Author: Mario M. Bisi

Institute of Mathematics and Physics, Aberystwyth University

Co-Authors: R.A. Fallows (Institute of Mathematics and Physics, Aberystwyth University), A.R. Breen (Institute of Mathematics and Physics, Aberystwyth University), E.A. Jensen (ACS Consulting, Houston), J.M. Clover (Center for Astrophysics and Space Sciences, University of California, San Diego), P.K. Manoharan (Radio Astronomy Centre, National Centre for Radio Astrophysics, Tata Institute of Fundamental Research, Ooty), B.V. Jackson (Center for Astrophysics and Space Sciences, University of California, San Diego), P.P. Hick (Center for Astrophysics and Space Sciences/San Diego Supercomputer Center, University of California, San Diego), J.A. Davies (STFC Rutherford Appleton Laboratory), M.J. Owens (Space Environment Physics Group, Department of Meteorology, University of Reading), and S. Hardwick (Institute of Mathematics and Physics, Aberystwyth University).

Session: RAD: Radio window on the solar system

Presentation type: Poster

Summary:

Radio remote-sensing observations of the inner heliosphere can be undertaken by both the observation of interplanetary scintillation (IPS) of astronomical radio sources and also the observation of Faraday rotation (FR) of spacecraft or astronomical radio sources.
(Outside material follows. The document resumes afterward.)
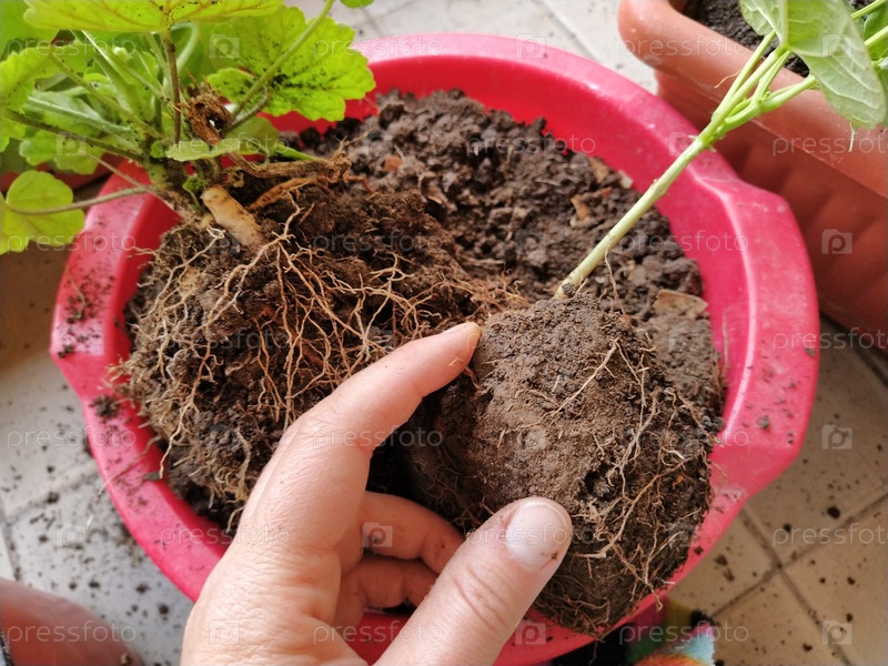 Пересадка герани в домашних условиях. Женские руки работают с почвой, инструментами и цветочными горшками. Весенние работы на балконе или террасе. Домашнее цветоводство и растениеводство. Зеленые листья и корни пеларгонии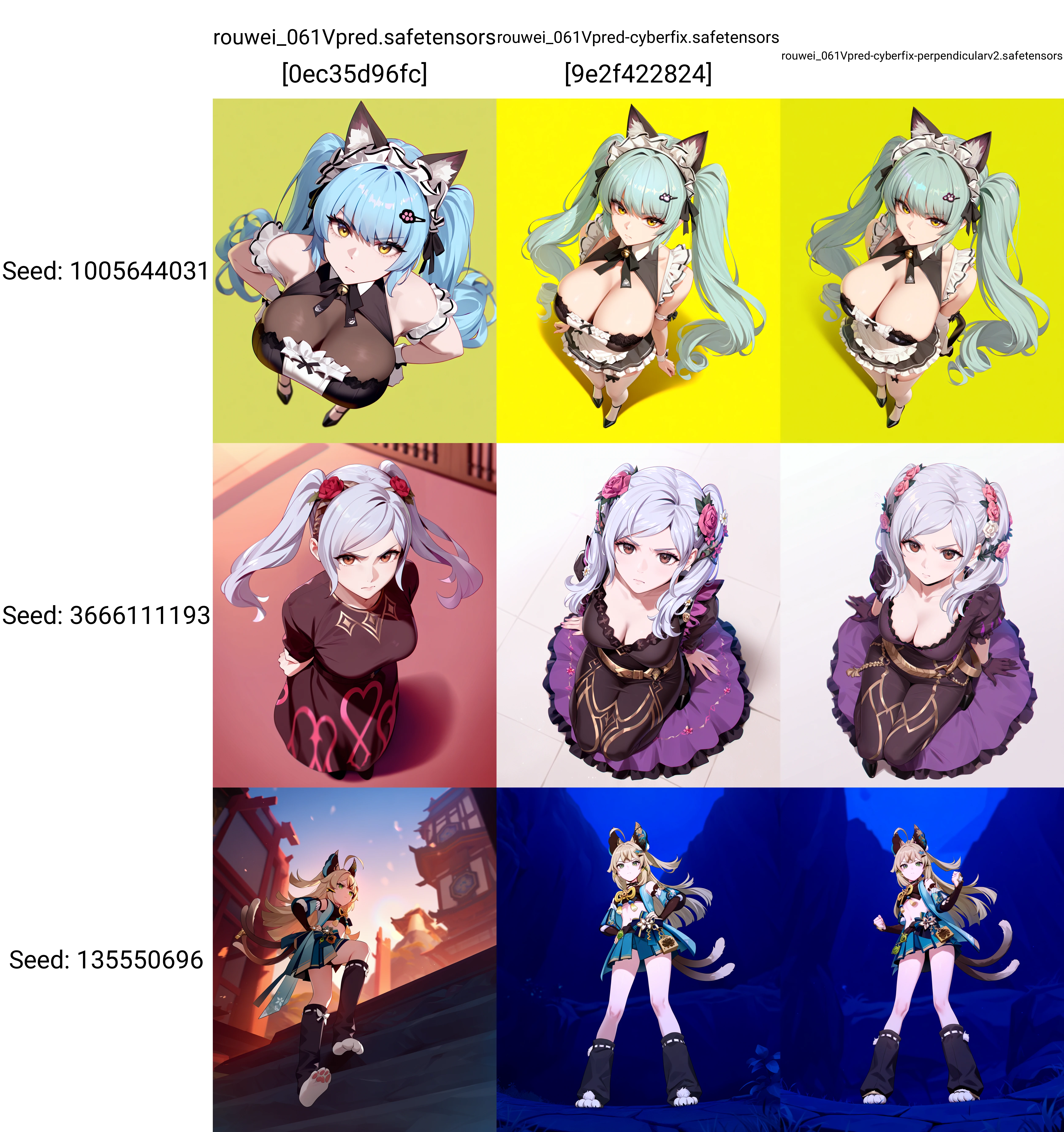 cyberrealisticXL_v31 is a general purpose model without any specific style, just like stable-diffusion-xl-base-1.0, and so if you replace the stable-diffusion-xl-base-1.0 weights with cyberrealisticXL_v31 weights in any model, it shouldn't change the model's style and its knowledge much. But at the same time, cyberrealisticXL_v31 has much better ??????? knowledge than sd-xl-1.0, and because of this, it should greatly improve the ??????? knowledge of any model, and in the case of NoobaiCyberFix, it worked exactly as I expected. In theory, you can use this recipe to improve the ??????? knowledge of any model that needs it

The data sets from various IPS-capable systems are used with the University of California, San Diego (UCSD) three-dimensional (3-D) tomographic-reconstruction and visualisation algorithms. We are able to make comparisons with multi-point it in-situ measurements from various deep-space spacecraft using our reconstruction results. This makes possible the study of structure in the inner heliosphere as a whole as well as the ability to isolate individual features or events such as interplanetary coronal mass ejections (ICMEs) or stream interaction regions (SIRs). FR is the rotation that occurs as an electromagnetic wave traverses a birefringent medium such as the solar corona and inner heliosphere. FR is the integrated product of the electron density and the component of the solar magnetic field parallel to the wave vector of the electromagnetic wave. We will present and discuss the most-recent radio remote-sensing observations of the inner heliosphere using the newly-operational LOw Frequency ARray (LOFAR) as well as those results from other radio-capable systems. We will also investigate the global structure of the heliosphere during the current and previous solar minima using radio-based data primarily, and discuss similarities and differences between the two solar cycles where possible.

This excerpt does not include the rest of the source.